Answering the title: I believe that if Julia wants to be a truly heterogeneous compute language it must use MLIR, otherwise we run the risk of implementing the same work for multiple architectures at the language level, when in reality it should be done at the compiler (IR) level. I don’t want GPUArrays, CuArrays, ROCArrays, oneArrays (https://juliagpu.org/) in my language ecosystem. I just want Arrays.
CUDA.jl, AMDGPU.jl and OneApi.jl all work at the IR level and use LLVM to do the rest, which is pretty efficient and elegant.
I’m quite sure, that moving Julia to use MLIR will be much more work than improving Julia’s current LLVM based GPU compiler packages.
The benefits are also uncertain (we have no idea if it will be faster, it most certainly will change some fundamentals of the language etc), so it could also be a massive time sink, since we’ll only find out once Julia uses MLIR and is able to run some larger Julia programs.

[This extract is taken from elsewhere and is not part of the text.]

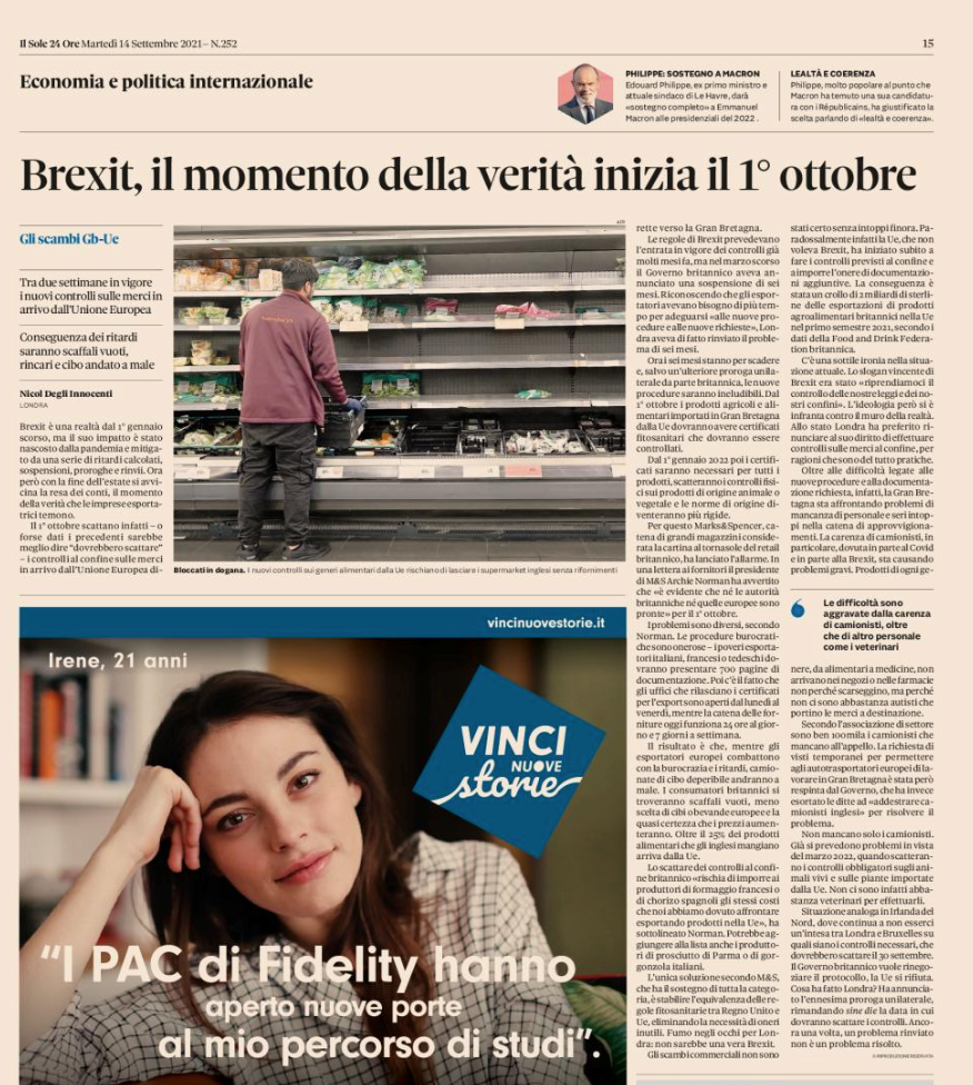 Il Sole 24 ore 14 settembre 2021. Gran Bretagna verso il caos?
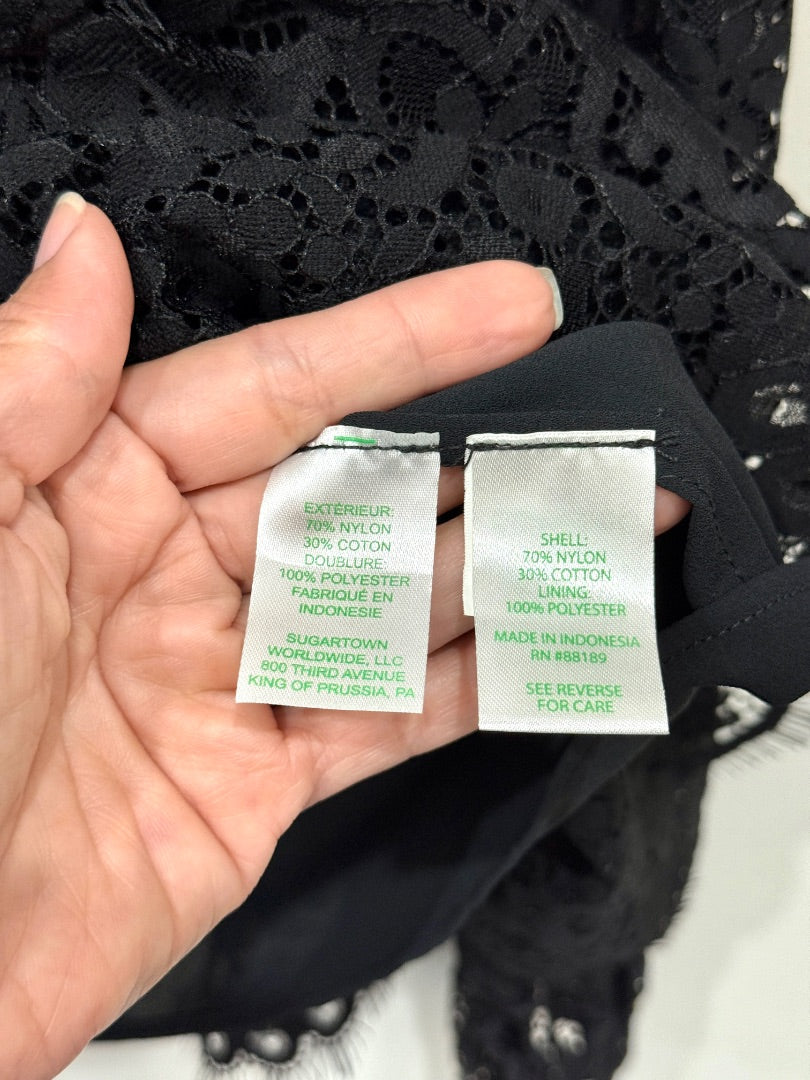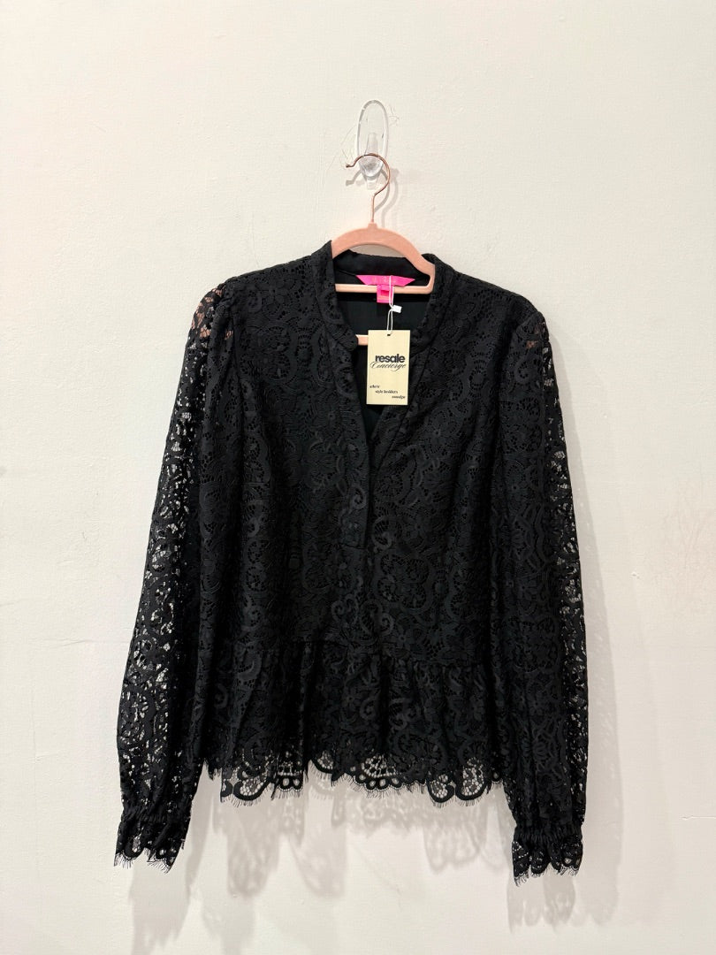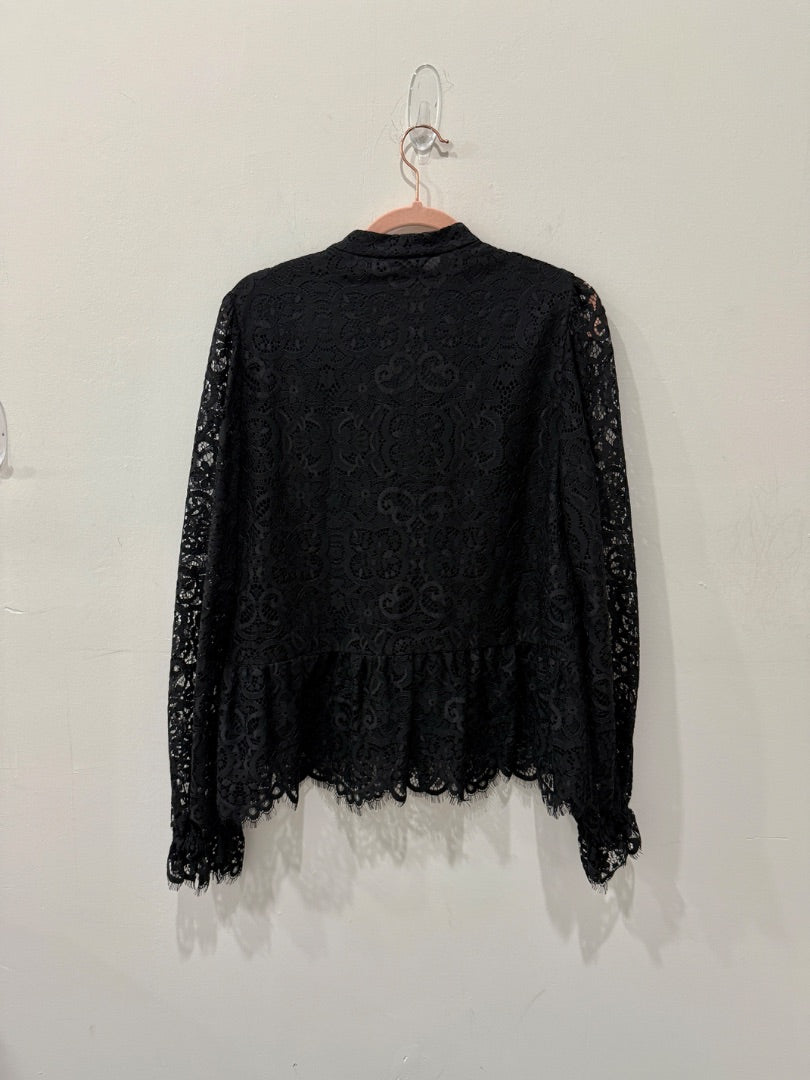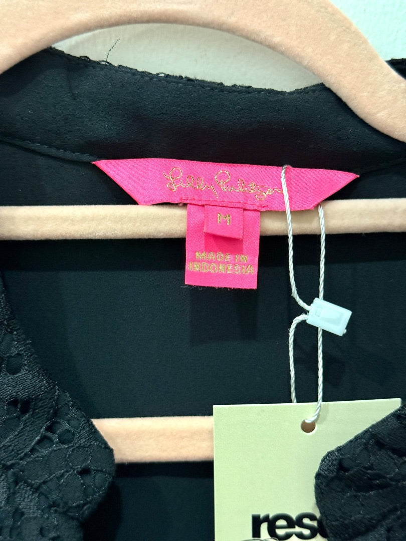 Lilly Pulitzer Jacelynn Long Sleeve Delicate Lace Blouse Black Women's Size M

I don’t want GPUArrays, CuArrays, ROCArrays, oneArrays (https://juliagpu.org/ ) in my language ecosystem. I just want Arrays.
You will still need that hints for the language to tell it where to allocate the memory, which CuArray(array) does quite elegantly.
Automatically moving things to the GPU where it fits is an incredibly hard problem, that nobody has completely solved yet.
There are some prototypes for automatically moving memory to the GPU when it improves performance, but they usually don’t scale well for any kind of code, so they don’t really have a place in a multi purpose language (yet) and are a much better fit for a package.
The comparison should be: Julia + Julia IR + LLVM vs Mojo + MLIR + LLVM.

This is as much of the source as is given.